Hartz IV scheint unter diesem Blickwinkel eine Art Rosskur32 für den deutschen Arbeitsmarkt zu sein, unter Anwendung der Heilmittel Dynamisierung und Flexibilisierung. Man könnte es auch anders formulieren: mittels Destabilisierung und Re-Kommodifizierung.
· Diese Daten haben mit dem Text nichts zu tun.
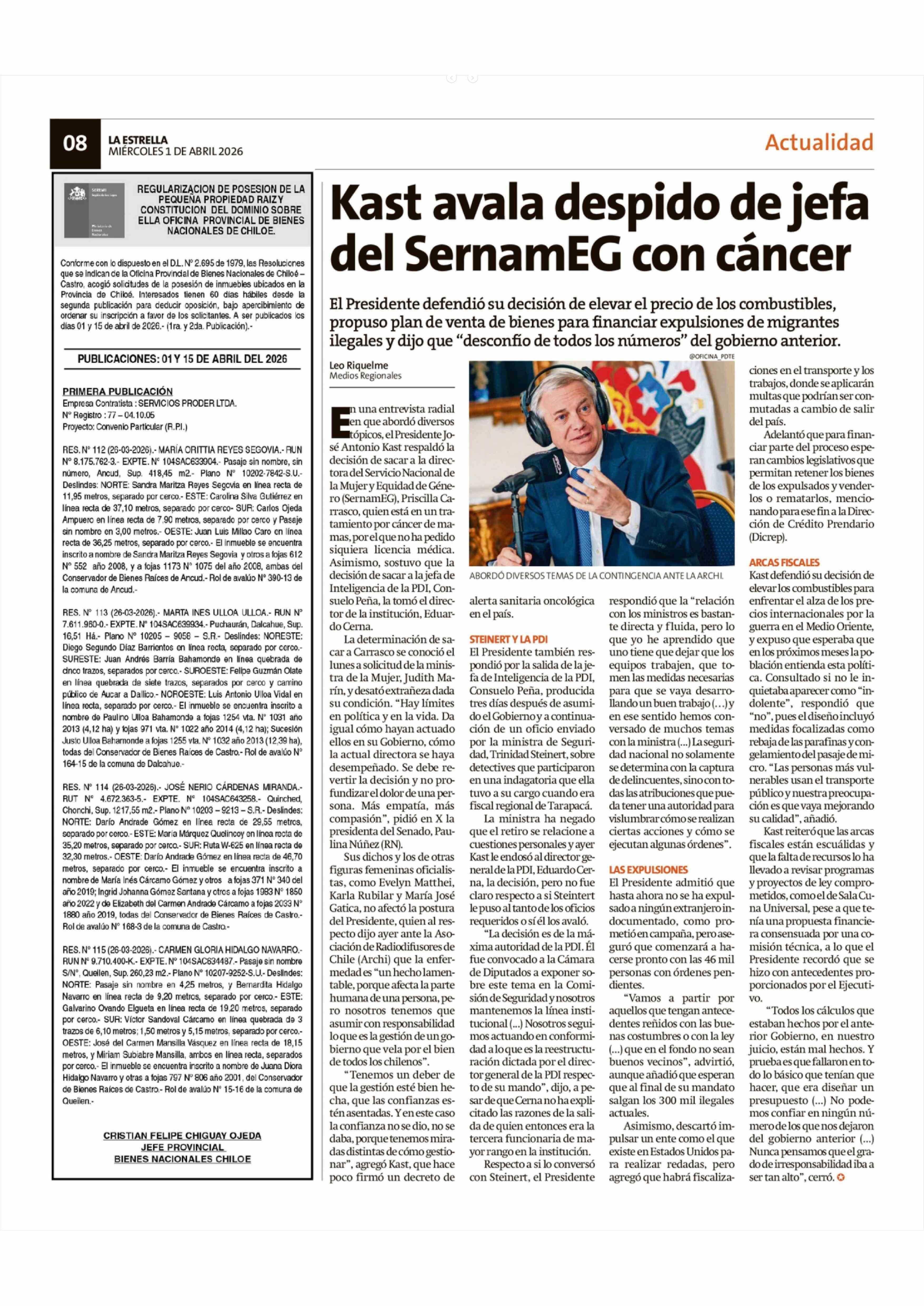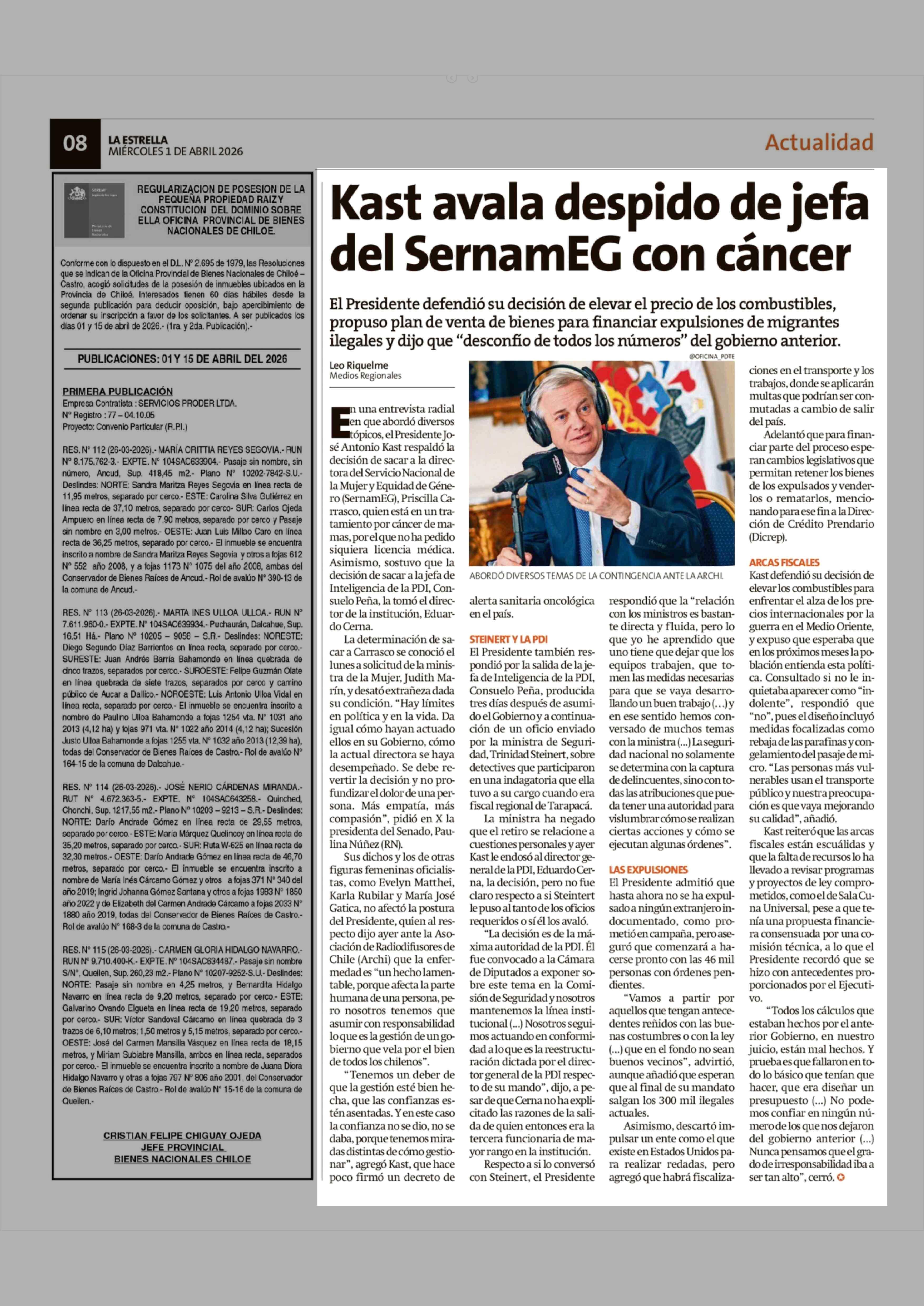 Kast avala despido de jefa del SernamEG con cáncer 01-04-2026 La Estrella de Chiloé |

Der Sozialstaat wandelt seine Gestalt und wird zu einem aktivierenden Wohlfahrtsstaat, dabei wendet er nun das ökonomische Prinzip33 auf einen davon bisher ausgenommenen Bereich (Sozialhilfe) an und radikalisiert dieses auf dem Arbeitsmarkt, indem vormals sozialpolitisch regulierte Bereiche dereguliert werden. Aus der Perspektive kapitalistischer Verwertungslogik ist daran charmant, dass man nicht nur zwei Fliegen mit einer Kommmodifizierungsklappe schlägt, indem die Reformen Eigenverantwortung verstärkt aktivieren und zugleich Selbstökonomisierungsprozesse anstoßen. Im Grunde hat man einen Dreizack zur Hand: Die Reformen entfalten nicht nur Wirkung im Segment der Arbeitslosigkeit, sondern bis in den Kern der Arbeitswelt hinein und erzeugen bzw. verstärken bei Leuten, die Arbeit haben, Verunsicherung und Angst um den eigenen Arbeitsplatz, also an an einem Ort, der unmittelbar gar nicht adressiert ist. Beschäftigte, die um ihren Arbeitsplatz fürchten, haben ja auch eine erhöhte Konzessionsbereitschaft.34 Ob intendiert oder nicht, der Verunsicherungswirkung wird verbal und regulatorisch kaum entgegengetreten.